Yaay!  Much better.  :-)

I'm curious, though, whether you are showing here a 7% slowdown (which
would still be bad), or just that the feature is correctly choosing a
different (but slower) algorithm for some files, or some kind of mix.

What is the performance difference if you have this feature included,
but don't have any directives in .gitattributes selecting a different
diff algorithm for any files?

> > And on a separate note...
> >
> > There's another set of considerations we might need to include here as
> > well that I haven't seen anyone else in this thread talk about:
>
> These are some great questions.

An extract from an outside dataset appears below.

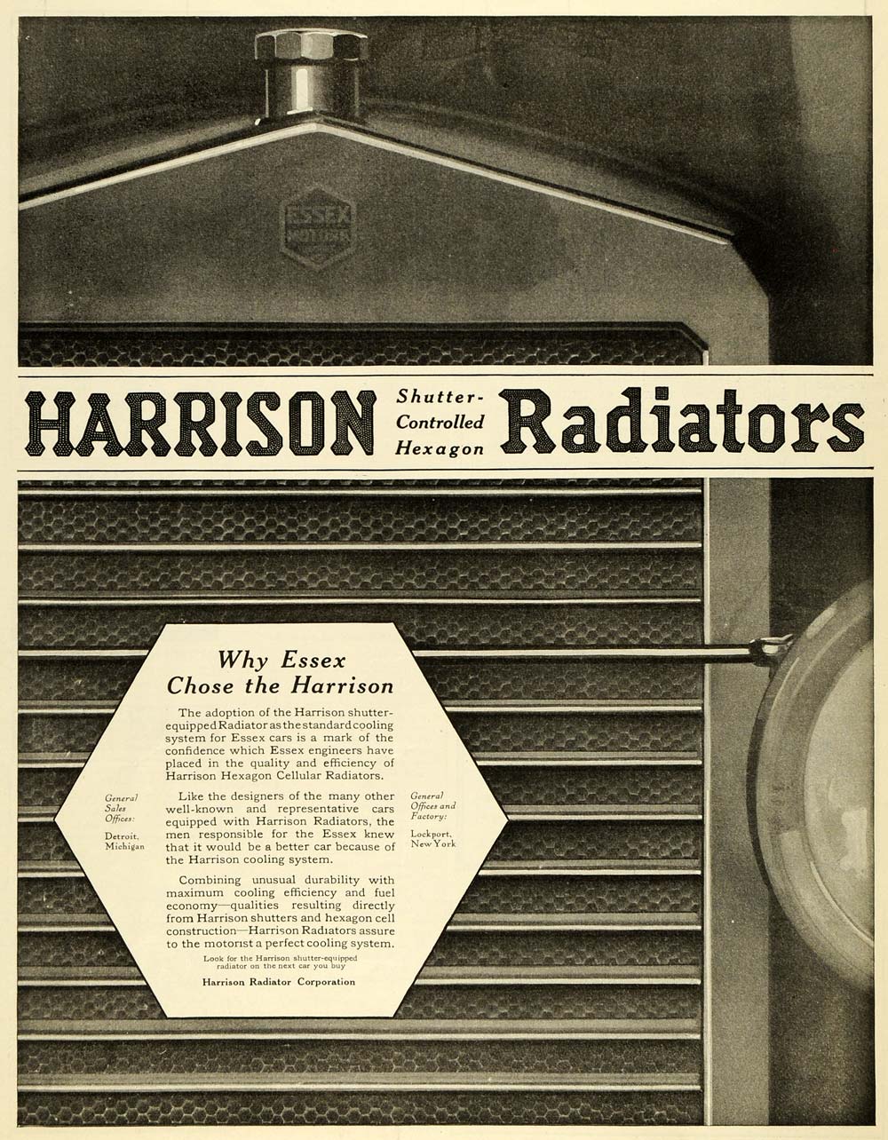 This is an original 1919 black and white print ad for the Harrison Radiators from Harrison Radiator Corporation located in Detroit, Michigan.

I'll do my best to answer them.
> >
> > * When trying to diff files, do we read the .gitattributes file from
> > the current checkout to determine the diff algorithm(s)?  Or the
> > index?  Or the commit we are diffing against?
> > * If we use the current checkout or index, what about bare clones or
> > diffing between two different commits?
> > * If diffing between two different commits, and the .gitattributes has
> > changed between those commits, which .gitattributes file wins?
> > * If diffing between two different commits, and the .gitattributes has
> > NOT changed, BUT a file has been renamed and the old and new names
> > have different rules, which rule wins?
>
> In the next version I plan on using Peff's suggestion of utilizing the existing
> diff driver scheme [1]. I believe these four questions are addressed if we use
> the existing userdiff.h API, which in turn calls the attr.h API. We check the
> worktree, then fallback to the index.

So...it sounds like we're just ignoring all the special cases listed
above, and living with bugs related to them?  That's not a criticism;
in fact, it might be okay -- after all, that's exactly what the
existing .gitattributes handling does and you are just hooking into
it.

I am a bit concerned, though, that we're increasing the visibility of
the interactions of .gitattributes with respect to these kinds of
cases.  I think external drivers are probably much less used than what
your feature might be, so folks are more likely to stumble into these
cases and complain.  Perhaps those cases are rare enough that we don't
care, but it might be at least worth documenting the issues (both to
manage user expectations and to give people a heads up about the
potential issues.)

(Also, it may be worth mentioning that I tend to focus on unusual
cases for anything that might touch merging; Junio once named one of
my patchsets "en/t6042-insane-merge-rename-testcases".  It's possible
I worry about corner cases more than is justified given their real
world likelihood.)

> By using the userdiff.h API, the behavior will match what users already expect
> when they for instance set an external driver.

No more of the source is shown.